In this post, we’re going to look at how Gradient Boosting algorithm works in a regression problem.

Gradient Boosting is one of the boosting types along with Adaptive Boosting and Extreme Gradient Boosting (XGBoost).

The followings are the inputs required before applying the algorithm.

  • training data
  • differentiable loss function L(y, F(x)) where y is the actual value and F(x) is the prediction value
  • number of trees (M)

For the sake of clarity, let’s use the following example instances as our training data (y is the dependent variable).

A  | B  | C  | y
=================
A1 | B1 | C1 | 50
A2 | B2 | C2 | 70
A3 | B3 | C3 | 30

Let’s execute the algorithm.


Initialize model with a constant value

As the very first step, we build a simple model that just returns a constant value C. This C is the prediction value where the loss function is minimum.

Formally, we’d like to solve for the following optimization problem.

F0(x) = argmin(C) SUM(i=1 to n) L(yi, C)

Let’s perform this step on our training data.

Know that the loss function for an instance is defined as L(yi, F(xi)) = 0.5 * (yi - F(xi))^2. Or in other words, the sum of our loss function becomes the following.

sum_loss_func = L(y1, F(x1)) + L(y2, F(x2)) + L(y3, F(x3))
sum_loss_func = 0.5 * (y1 - F(x1))^2 + 0.5 * (y2 - F(x2))^2 + 0.5 * (y3 - F(x3))^2

Since the prediction values are the same over the train data, we can replace F(x1), F(x2), F(x3) to a constant of C. Plugging in the actual value to the above equation becomes the following.

sum_loss_func = 0.5 * (50 - C)^2 + 0.5 * (70 - C)^2 + 0.5 * (30 - C)^2

And solve for the optimization problem can be performed by taking the first derivative of sum_loss_func with respect to C and assign the equation to zero, such as the following.

sum_loss_func = 0.5 * (50 - C)^2 + 0.5 * (70 - C)^2 + 0.5 * (30 - C)^2

d(sum_loss_function) = -(50 - C) - (70 - C) - (30 - C) = -150 + 3C
--------------------
         dC

Assigning the result to zero yields 200 = 3C where C = 150 / 3 = 50.

Our initial model is constructed so that it always return 50 for every data point.


Construct the decision tree regressor

In this step, we iterate M times (number of decision tree specified before) and perform the following actions.

a) Compute so-called pseudo-residuals

For each instance in the training data, we compute the following.

residual_i_m = - [ dL(yi, F(xi)) / dF(xi) ] where F(x) = Fm-1(x) for i = 1, ..., n

If we take a look at the above residual_i_m, it’s simply the difference between the actual and the predicted value.

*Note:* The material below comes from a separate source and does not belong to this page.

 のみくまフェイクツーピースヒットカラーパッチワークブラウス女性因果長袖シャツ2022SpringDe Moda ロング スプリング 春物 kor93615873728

Here’s how we’d derive it.

Know that L(y, F(x)) = 0.5 * (y - F(x))^2.

Taking the derivative of the loss function with respect to F(x) yields dL(y, F(x)) / dF(x) = -(y - F(x)).

Moving the minus sign to the LHS yields -dL(y, F(x)) / dF(x) = y - F(x).

Or to be more specific, we'll finally have -dL(y, Fm-1(x)) / dFm-1(x) = y - Fm-1(x).

The last line of the above snippet concludes that residual_i_m is the same as yi - Fm-1(xi) for an instance i.

Applying this step to our train data will yield the following result. In the below table, residual_1 means the error values for the first tree regressor.

A  | B  | C  | y  | F0(x) | residual_1
========================================
A1 | B1 | C1 | 50 | 50    |    0
A2 | B2 | C2 | 70 | 50    |    20
A3 | B3 | C3 | 30 | 50    |    -20

b) Fit a base learner to pseudo-residuals

In this step, we train a weak model (decision tree regressor) on the training data where residual_i_m becomes the dependent variable.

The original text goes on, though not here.